Argentina reaches deal with IMF staff to unlock US$4.7 billion

Argentina reached an agreement Wednesday with staff from the International Monetary Fund on the seventh review of the country’s US$44-billion programme.

Argentina reached an agreement with staff from the International Monetary Fund on the seventh review of the country’s US$44-billion programme, likely unlocking a larger-than-expected loan disbursement from the Washington-based lender. 

Pending approval by its executive board, the IMF would make available US$4.7 billion to President Javier Milei’s government, it said in a statement late on Wednesday. That’s more than the US$3.3 billion initially expected, which will be used to pay down previous IMF debts due at the end of the month and beyond.

Among the conditions agreed upon with the Fund, Argentina will target this year a primary fiscal surplus of two percent of gross domestic product. Milei’s “ambitious stabilisation plan” is expected to boost net foreign reserves to US$10 billion by year-end, including US$2.7 billion accumulated in the final weeks of 2023, according to the statement.

More broadly, the staff-level deal buys Milei time to decide whether to continue with the current programme brokered by his predecessor or negotiate a new one. 

“We have plenty of confidence that the measures we are adopting will take us on the right path,” Economy Minister Luis Caputo said in a press conference following the announcement. He added that the IMF was open to exploring a new programme but it was too early on in the presidency for that.

The staff-level agreement comes after senior IMF officials visited Argentina for negotiations, a symbolically positive development after talks were held almost entirely outside the country for years as tensions flared between President Alberto Fernández and the Fund’s leadership.

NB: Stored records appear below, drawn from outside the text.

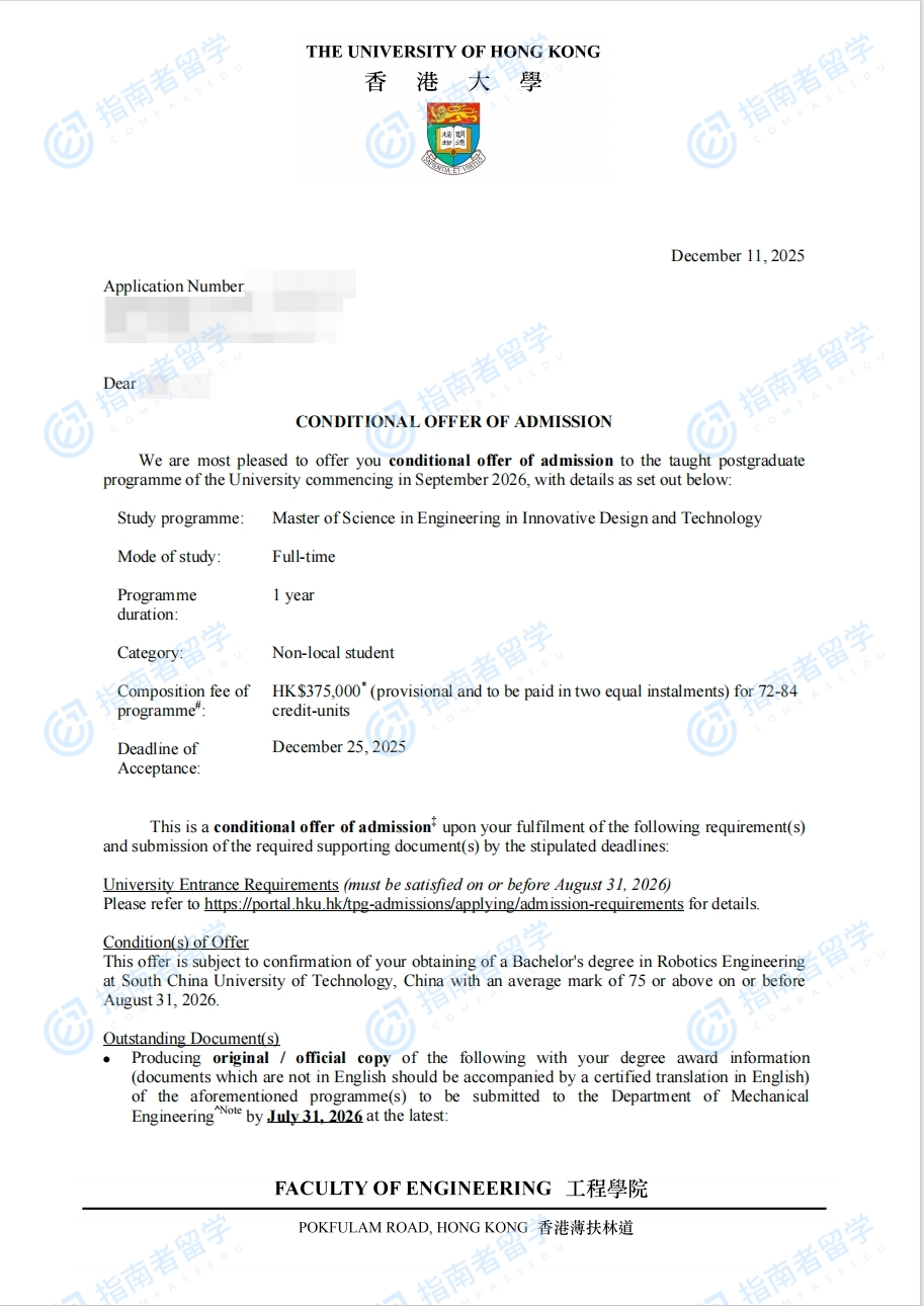 香港大學電氣與電子工程(工程)理學碩士 - 常規(guī)方向研究生offer一枚
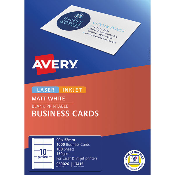 AVERY 959026 L7415 QUICK CLEAN BUSINESS CARD 150GSM 90 X 52MM WHITE PACK 1000
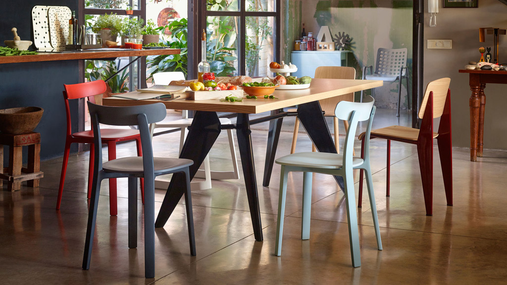 Стол EM Table от дизайнера Jean Prouve производится с 1950 г. Модель была создана для проекта сборных домов "Maison Tropique". Каркас из стальных листов, окрашенных порошковым способом, столешница из шпона натурального дуба. Эта разновидность шпона выглядит как-будто лакированная, на самом деле это является оптическим обманом. В настоящее время для заказа доступны столешницы из массива или ламината пяти различных размеров от 180 до 260 мм.

Before this round of IMF talks, Milei’s team, led by Economy Minister Luis Caputo, proposed sharp austerity measures, mass deregulation and implemented a 54 percent currency devaluation with an aim of resetting the crisis-prone economy. Still, monetary policy remains a point of contention: IMF officials have long insisted interest rates remain above inflation; the Central Bank changed its benchmark instrument last month, leading to a sharp rate cut despite galloping prices.

Central Bank officials continue to maintain a crawling peg currency system inherited from the previous government, letting the peso slowly devalue only two percent a month. Analysts say that pace won’t last long with inflation at current levels and the parallel peso beginning to sell off again in January.

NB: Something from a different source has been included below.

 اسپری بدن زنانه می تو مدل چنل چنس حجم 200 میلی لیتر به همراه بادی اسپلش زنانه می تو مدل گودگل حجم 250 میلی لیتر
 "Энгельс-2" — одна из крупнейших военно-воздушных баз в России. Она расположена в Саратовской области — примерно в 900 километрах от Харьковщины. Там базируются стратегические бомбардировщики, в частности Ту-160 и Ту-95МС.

Milei’s first IMF pact would mark a new chapter in the president’s most recent saga in Argentina where, by the Fund’s own reckoning, it faces major reputational risks. A record bailout in 2018 — where Caputo was ousted as Central Bank governor at the time — failed to rescue the economy from a currency crisis and was eventually replaced in 2022 with another agreement with which the previous government routinely failed to comply.

But so far, Milei and the fund are in a honeymoon phase. IMF Managing Director Kristalina Georgieva applauded his first moves and top members of the president’s economic team even met with senior US Treasury officials in the president’s first month in office. Milei went as far to say that the IMF “sees us as heroes” because of his austerity-driven program.

While Milei enjoys support from Washington, his market-friendly measures to fix Argentina’s economy imply severe pain ahead, and public pushback has already flared up. A general strike organised by labour unions is scheduled for January 24, while scenes of Buenos Aires residents banging pots and pans in defiance of his austerity campaign are becoming routine. Inflation likely surpassed 200 percent in December, according to private estimates, as Milei dismantled price controls amid the peso devaluation.